There are so many things about you that I miss, and these are just a few of them.
I miss your always following me around and sitting right next to me, making sure you were touching me when you sat down.
I miss how good you smelled every time you had a bath or came home from your groomings.
I miss giving you a treat every time you had your dinner, or just wanted some Cheerios.
I miss your sitting and spinning for a treat or just raising your paw for a treat.
I miss you running down the foyer and getting your toys every time we would throw them and you'd bring it back.
I miss brushing you everyday and cleaning your eyes and putting cologne on you.
I miss buying all your treats and Pedigree at Petco.
I miss calling Pet Edge and ordering your piddle pads.
I miss tapping on the floor like we did when you were a puppy and you would run around and play constantly.
I miss how excited you would get when Pa, Lisa, Joe or John would get home.
I miss your little beds, pillows, blankies and your favorite toy Tweety.
I miss seeing you sit and chew a greenie, or a booda.

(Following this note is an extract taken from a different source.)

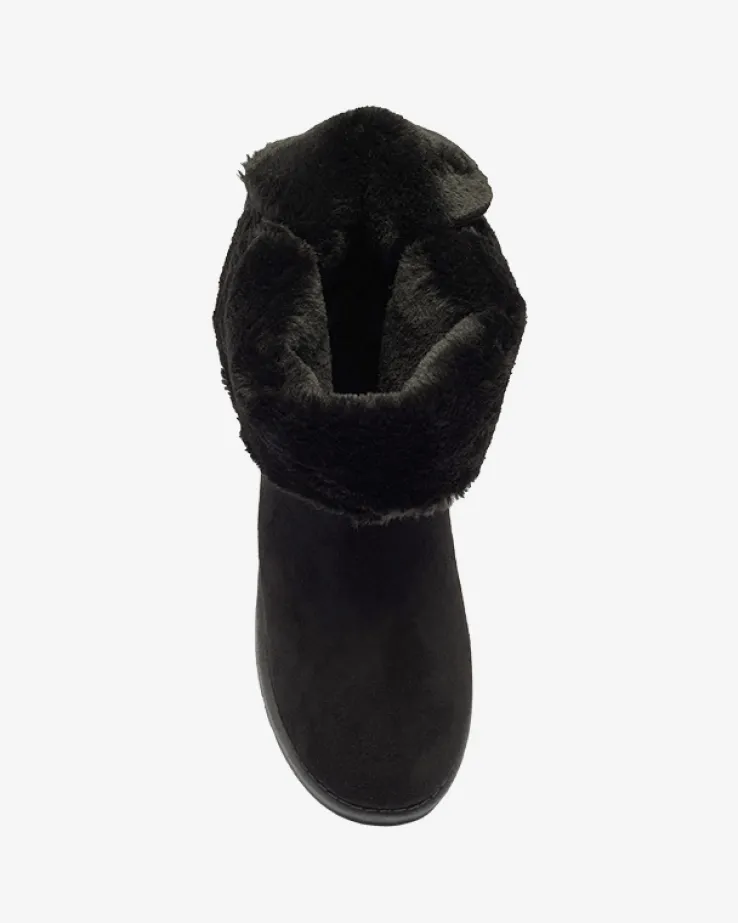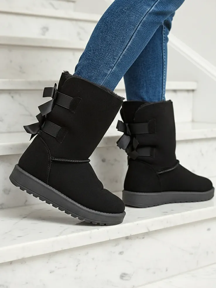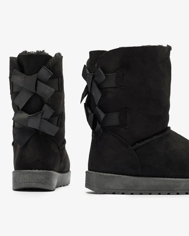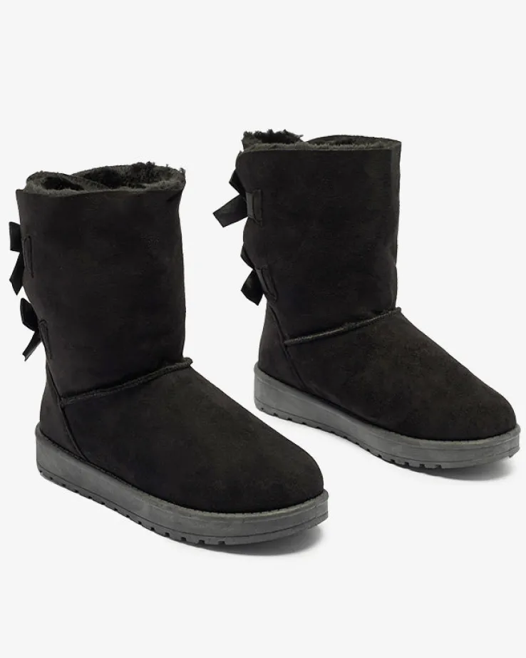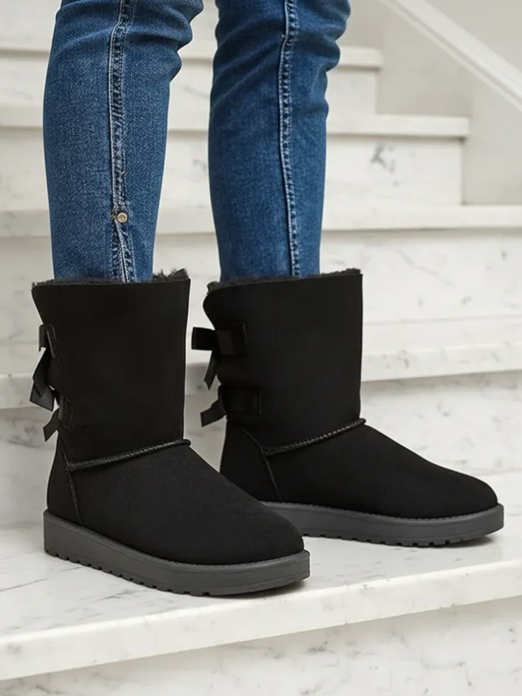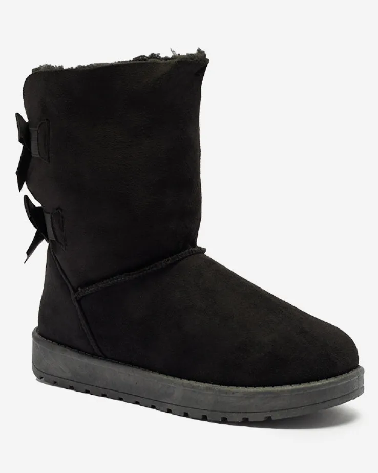- Ponadczasowe damskie wsuwane śniegowce, wykonane ze skóry ekologicznej zamszowej. Z tyłu model jest zdobiony kokardkami, środek wyłożony miękkim futerkiem. Doskonale podkreślą każdą Twoją stylizację! CZARNE BUTY ZIMOWE OCIEPLANE ŚNIEGOWCE MASSAP

I miss seeing you sit directly next to the computer chair always having to be totally on top of it., or next to Annies chair in the computer room.
I miss seeing you sit directly at the foot of Johnny's bed next to his big black soft back pillow.
I miss how at Christmas time you would get loads of presents and try to take the paper off the gifts.
I miss seeing you sit next to Pa in the rocking chair always being his constant friend.
I miss holding you and feeling how soft and lovable you were always to everyone.
I miss making you turkey meatloaf, and watching you eat the whole dish.
I miss your presence in my life, and even after 40 days of your being gone I still think I have to clean your pad, or watch where I step, because you blended with all the rugs in the kitchen.
I miss your unconditional love you gave to each and everyone of us.
I miss you and will love you forever, your memory will always be with me.